RFR 8026324: hs_err improvement: Add summary section to hs_err file

Coleen Phillimore coleen.phillimore at oracle.com
Tue Jul 21 18:52:58 UTC 2015


Thank you for the code review, Dmitry.  New webrev (see below comments).

http://cr.openjdk.java.net/~coleenp/8026324.03/

On 7/20/15 4:26 PM, Dmitry Dmitriev wrote:
> Hello Coleen,
>
> Few comments from me:
>
> src/os/linux/vm/os_linux.cpp
>    In parse_os_info function it is possible that file will not be 
> closed(if 'ptr==NULL' on line 2095). I think that "fclose(fp);" can be 
> added after 2110 line. Also, in this case lines 2100-2101 and 
> 2108-2109 are seems reduntant, because file will be closed by added 
> "fclose(fd);" and function will terminate.
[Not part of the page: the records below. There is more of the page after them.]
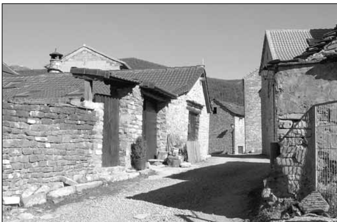
Villanovilla. Nueva potabilizadora y depuradora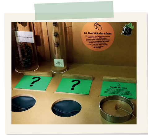
Boîtes tactiles et à odeur de fruits (conifères)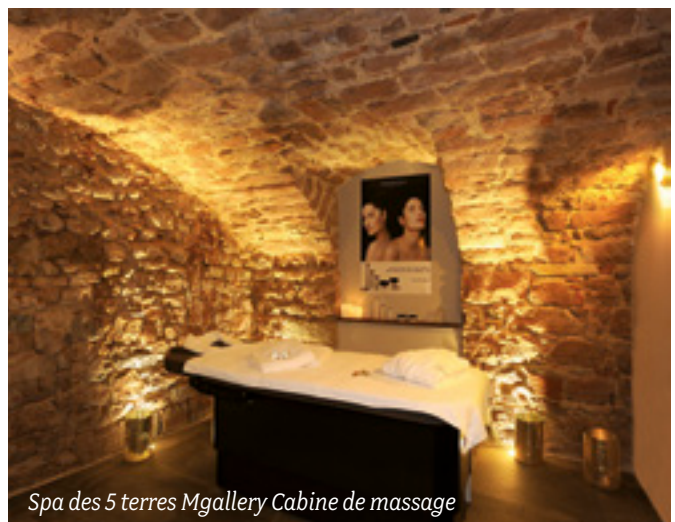
Spa des 5 terres Mgallery Cabine de massage

Notre équipe a pris cette décision comme un challenge. Notre objectif était de tester notre niveau mais aussi de déterminer les pistes d'amélioration afin de proposer les meilleures prestations à nos clients. 💧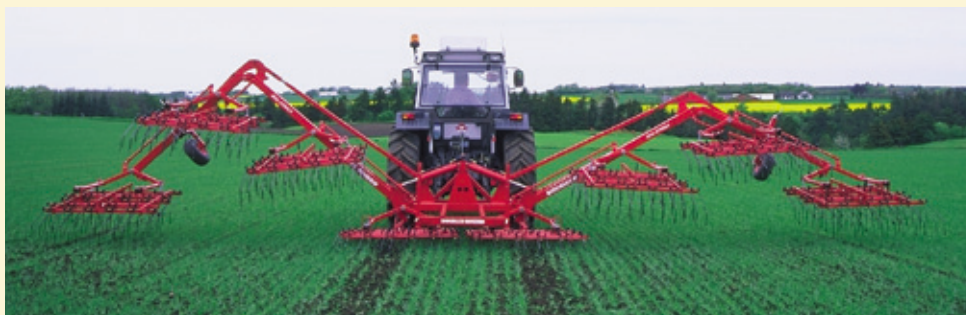
Model od 12m – prikaz sklapanja mašine u transportni položaj.

Eko drljača sa sekcijom od 1,5m, koja slobodno prati teren sa rastojanjem između radnih tela od 2,5cm.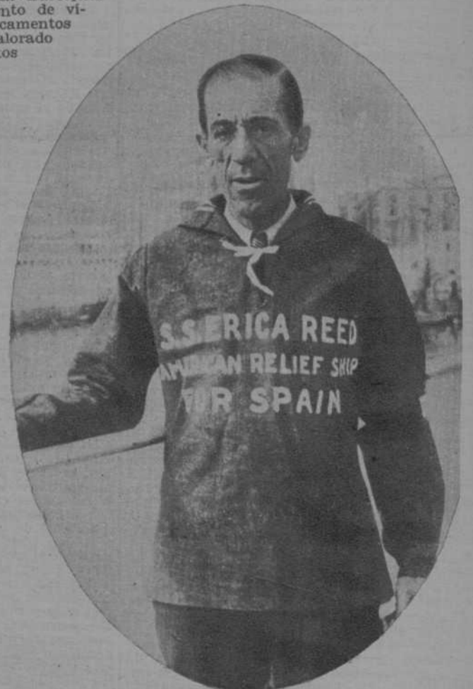
Uno de los tripulantes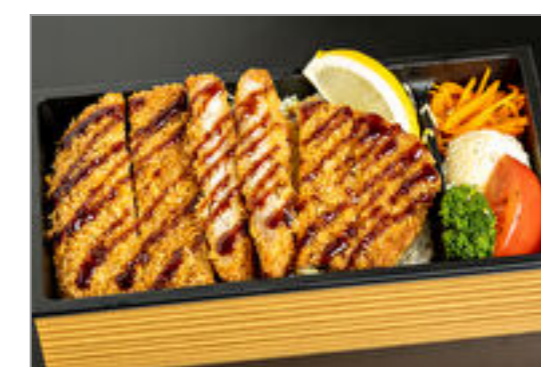
麓山高原豚ロースかつ重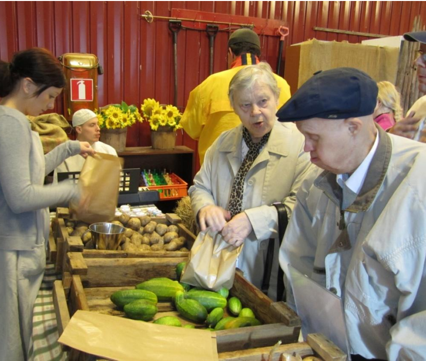
Sadonkorjuujuhla Hakamaan tilalla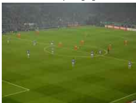
Anstoss nach dem 1:0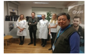
The Cryos International 본사 방문 2019.05.02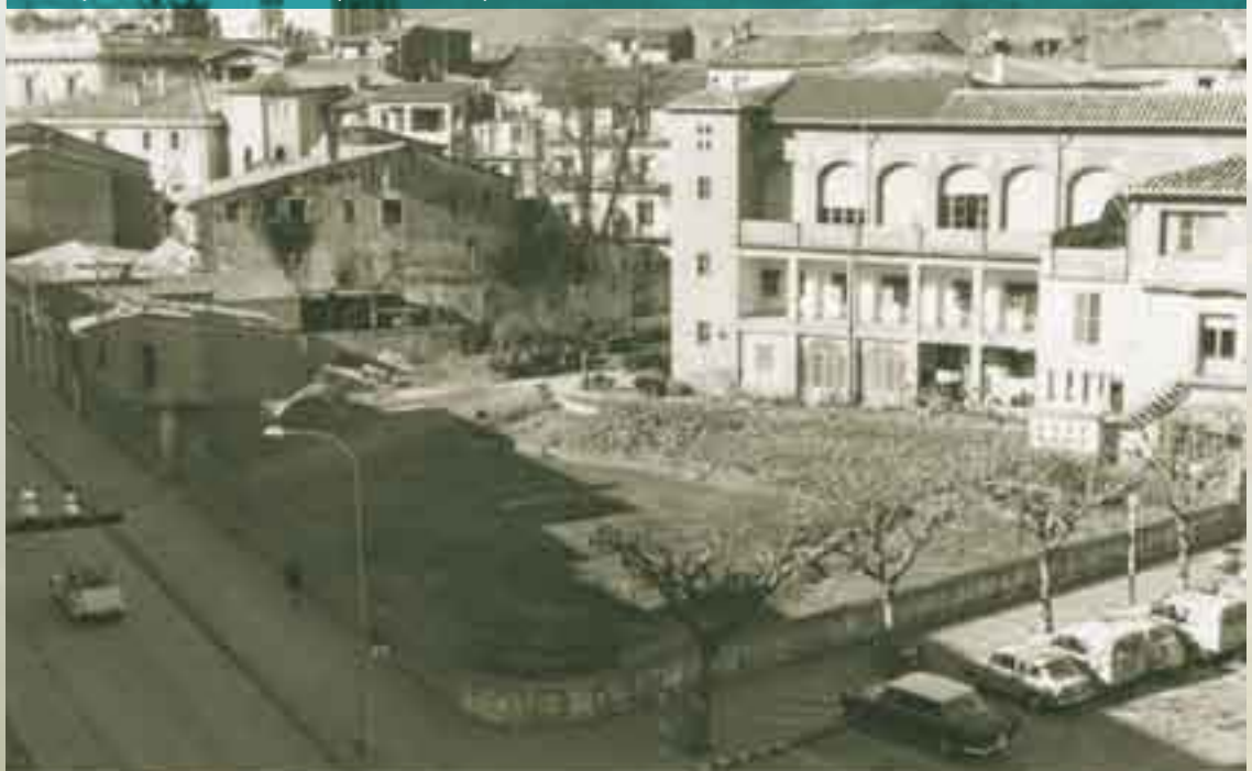
Terrenys on es va construir el nou pavelló de l'Hospital (1969)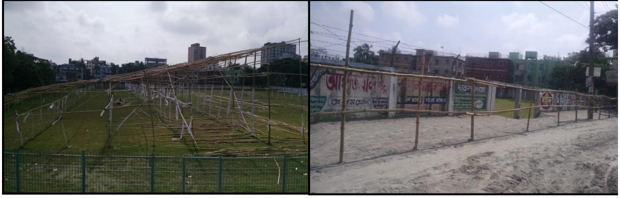
চিত্রঃ পরিদর্শনকালে নারায়ণগঞ্জ জেলা স্টেডিয়ামের মাঠের বর্তমান অবস্থা এবংসীমানা প্রাচীরের ভগ্নাংশ।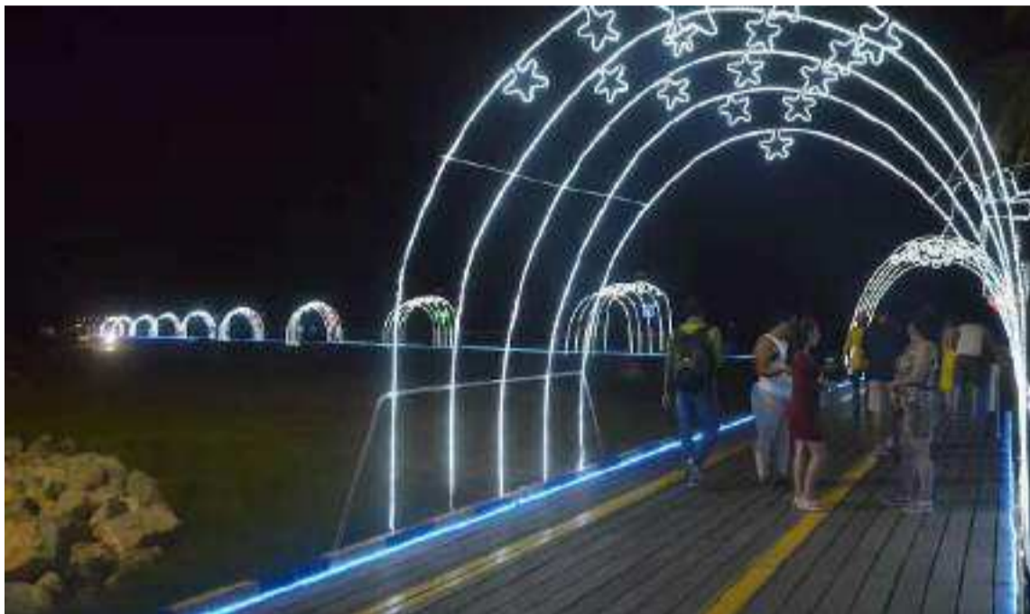
En las navidades de ahora todo es light, ya nada sabe a pueblo.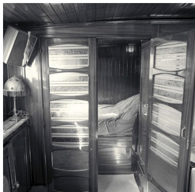
Une des chambre-alcôve IVR82_20026903695X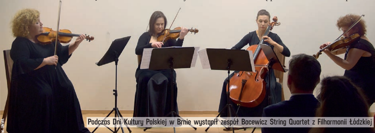
Podczas Dni Kultury Polskiej w Brnie wystąpił zespół Bacewicz String Quartet z Filharmonii Łódzkiej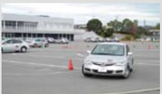
運転技術を学ぶバイロスラローム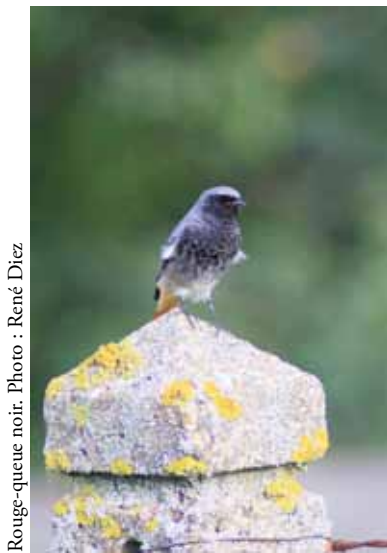
Rouge-queue noir.

Réseau Visionature = groupe d'observateurs qui échangent leurs observations au travers de bases de données en réseau (dont Faune-Loire), en France métropolitaine, dans les Dom-Tom, mais aussi dans plusieurs autres pays en Europe. L'identifiant et le mot de passe utilisés sur Faune-Loire sont uniques et fonctionnent sur tous les sites du réseau Visionature, sans avoir à se réinscrire à chaque fois ( http://www.ornitho.fr/ ou http://www.faune-alsace.org/index.php?m_id=20234 )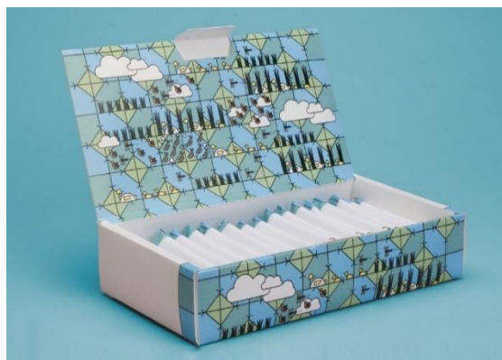
Gambar 2. Kemasan So Much More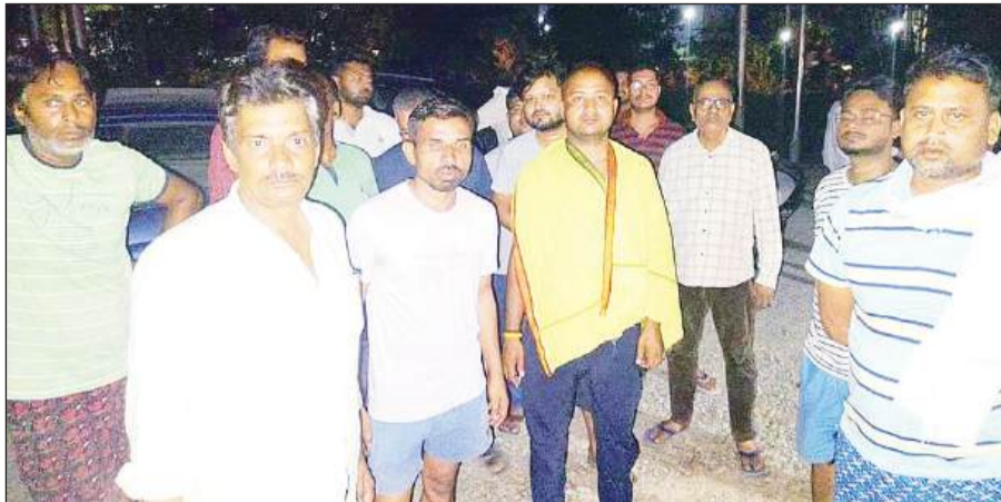
तुलसी नगर सब स्टेशन में हंगामा करते लोग।

शहर में जहां बीते चार दिनों से आसमान से आग बरस रही है, वहीं गर्मी के मौसम में ही बिजली आपूर्ति का रोना भी शुरू हो गया है। शहर के दर्जन भर मोहल्लों में बिजली की आवाजाही ने लोगों का जीना हराम कर रखा है। कभी बच्योटा की बिजली 24 घंटे के लिए टप हो जाती है तो कभी गंगानगर इलाके में लोग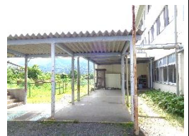
アルミ缶回収ボックス 紙類は通路に置いてください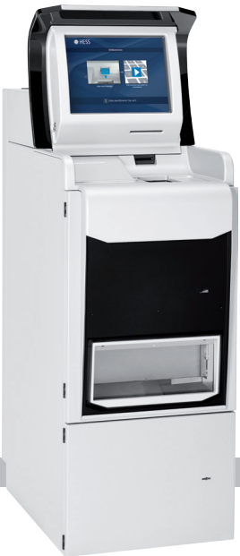
HESS CoinIn 315 Lobbygerät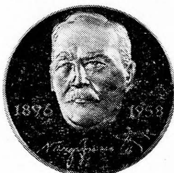
III. Sorozat előoldal

Az érmék technikai adatai: átmérőjük 38 mm, súlyuk kb. 24 gr., bronzból patinával borított, a DM 25.-; 22 karátos színezüstből védjegyzve, PP-minőségű (polirozva) a DM 75.- MWST. nélkül. Aranyból jelenleg nincsen kivitelezési lehetőségünk. Megrendelhető: NUMISMATICA HUNGARICA, Postfach 73-0302, D-6000 Frankfurt/M-73, West Germany.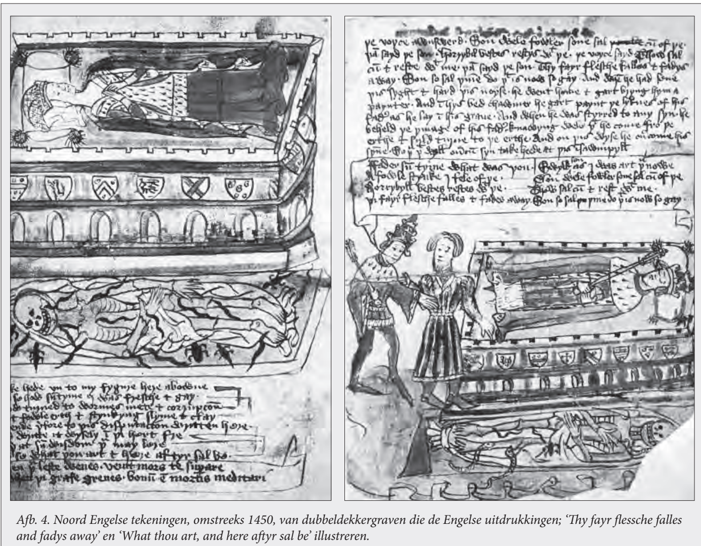
Afb. 4. Noord Engelse tekeningen, omstreeks 1450, van dubbeldekkergraven die de Engelse uitdrukkingen; ‘Thy fayr flessche falles and fadys away’ en ‘What thou art, and here after sal be’ illustreren.

dode weer in statiekledij ( het woord gisant komt van het Franse gésir , ‘liggen’). Bij de gisant vallen de plooiën op natuurlijke wijze langs het lichaam naar beneden, de stand van de armen is in overeenstemming met de staat van levenloosheid, de ogen zijn uiteraard gesloten. In de latere middeleeuwen, toen men de dingen hoe langer hoe meer natuurgetrouw wilde weergeven, voelde men de discrepantie in de pseudo-gisant goed aan. Er werden dan ook diverse pogingen ondernomen om van een ‘liggend-staand’ beeld een natuurlijke voorstelling te maken van een opgebaarde dode, waarbij de ogen uiteraard gesloten moesten zijn. Zo kwam men tegemoet aan de realiteitsdrang; door de beeltenis van staatsiekleding te voorzien, maakte men tegelijkertijd de waardigheid die de persoon in kwestie tijdens zijn of haar leven had gehad zichtbaar.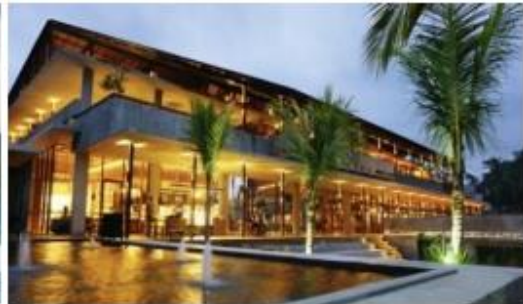
Secret Garden Village

16.00 น. เรือออกจากท่าเรือ บาทลีเหนือ ประเทศอินโดนีเซีย เย็น รับประทานอาหารเย็นที่ทางเรือได้ไว้ให้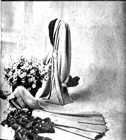
Praktische und schöne Mäntel...

Unten: Farbenfrohe Kleidchen für den Sommer geben den Schaufenstern der Firma ein ganz besonderes Gepräge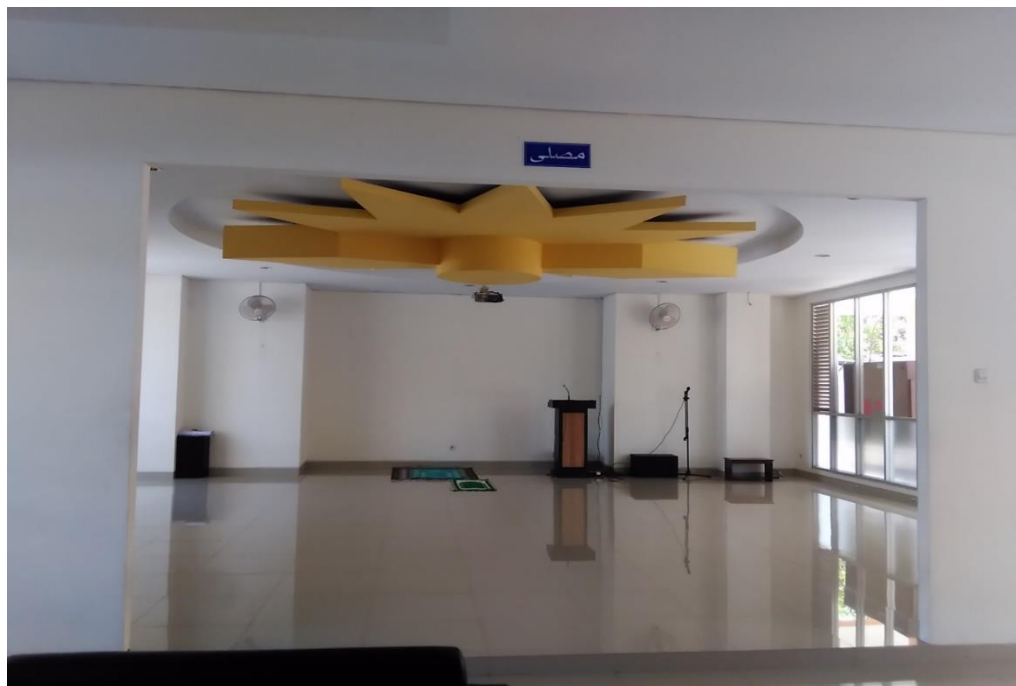
Gambar.8 Mushola Jami'

This is a good find.  I am missing an fclose and I'd restructured the 
code so that the early returns are no longer necessary.  I also don't 
print anything if the Ubuntu format isn't expected, which wasn't good.  
See os_linux.cpp in next webrev.

If I don't find the quotes in DISTRIB_DESCRIPTION=, I'll print what's 
after the equal sign (editing out the newline again).

>
>    In os::get_summary_cpu_info function it is possible that file will 
> not be closed(if 'ptr' always == 'end' on line 2238). I think that 
> "fclose(fp);" can be added after 2248 line.

Thank you for finding that also.  Fixed.

>
> src/share/vm/runtime/os.cpp
>    In os::print_summary_info function you print physical_memory in 
> gigabytes. But on systems with less than 1 Gb of memory it will print 
> 0. Probably will be better to print it in megabytes?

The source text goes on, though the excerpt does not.